◆ **Exercise directions**:
The stretch from the line with "بخشبندی جادار شامل" through the line with "为进一步丰富劳动教育课程课堂" in the records below: write it out exactly, and nothing else.

[Source material]

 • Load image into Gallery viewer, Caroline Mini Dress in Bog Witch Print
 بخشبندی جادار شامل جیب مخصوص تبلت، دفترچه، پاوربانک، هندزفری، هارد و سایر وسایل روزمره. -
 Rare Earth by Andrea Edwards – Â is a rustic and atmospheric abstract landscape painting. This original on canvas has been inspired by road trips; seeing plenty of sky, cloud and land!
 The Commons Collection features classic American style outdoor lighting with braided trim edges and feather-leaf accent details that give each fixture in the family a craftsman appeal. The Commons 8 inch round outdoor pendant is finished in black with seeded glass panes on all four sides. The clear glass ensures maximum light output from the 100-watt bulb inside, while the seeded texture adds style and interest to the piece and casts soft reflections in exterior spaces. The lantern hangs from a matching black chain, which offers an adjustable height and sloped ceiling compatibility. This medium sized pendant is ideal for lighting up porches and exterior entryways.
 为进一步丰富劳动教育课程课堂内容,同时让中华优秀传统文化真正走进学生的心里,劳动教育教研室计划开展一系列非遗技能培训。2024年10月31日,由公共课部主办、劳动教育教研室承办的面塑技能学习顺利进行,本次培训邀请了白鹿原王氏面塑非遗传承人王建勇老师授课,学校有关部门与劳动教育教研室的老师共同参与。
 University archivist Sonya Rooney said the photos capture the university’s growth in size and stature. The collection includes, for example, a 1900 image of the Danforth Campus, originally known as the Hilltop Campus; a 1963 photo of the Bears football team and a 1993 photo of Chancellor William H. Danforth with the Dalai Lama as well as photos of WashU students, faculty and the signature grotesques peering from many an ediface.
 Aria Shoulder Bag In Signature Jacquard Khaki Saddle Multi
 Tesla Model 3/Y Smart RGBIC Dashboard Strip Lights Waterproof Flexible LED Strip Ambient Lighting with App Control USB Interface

[/Source material]

◆ **Response area**:
 بخشبندی جادار شامل جیب مخصوص تبلت، دفترچه، پاوربانک، هندزفری، هارد و سایر وسایل روزمره. -
 Rare Earth by Andrea Edwards – Â is a rustic and atmospheric abstract landscape painting. This original on canvas has been inspired by road trips; seeing plenty of sky, cloud and land!
 The Commons Collection features classic American style outdoor lighting with braided trim edges and feather-leaf accent details that give each fixture in the family a craftsman appeal. The Commons 8 inch round outdoor pendant is finished in black with seeded glass panes on all four sides. The clear glass ensures maximum light output from the 100-watt bulb inside, while the seeded texture adds style and interest to the piece and casts soft reflections in exterior spaces. The lantern hangs from a matching black chain, which offers an adjustable height and sloped ceiling compatibility. This medium sized pendant is ideal for lighting up porches and exterior entryways.
 为进一步丰富劳动教育课程课堂内容,同时让中华优秀传统文化真正走进学生的心里,劳动教育教研室计划开展一系列非遗技能培训。2024年10月31日,由公共课部主办、劳动教育教研室承办的面塑技能学习顺利进行,本次培训邀请了白鹿原王氏面塑非遗传承人王建勇老师授课,学校有关部门与劳动教育教研室的老师共同参与。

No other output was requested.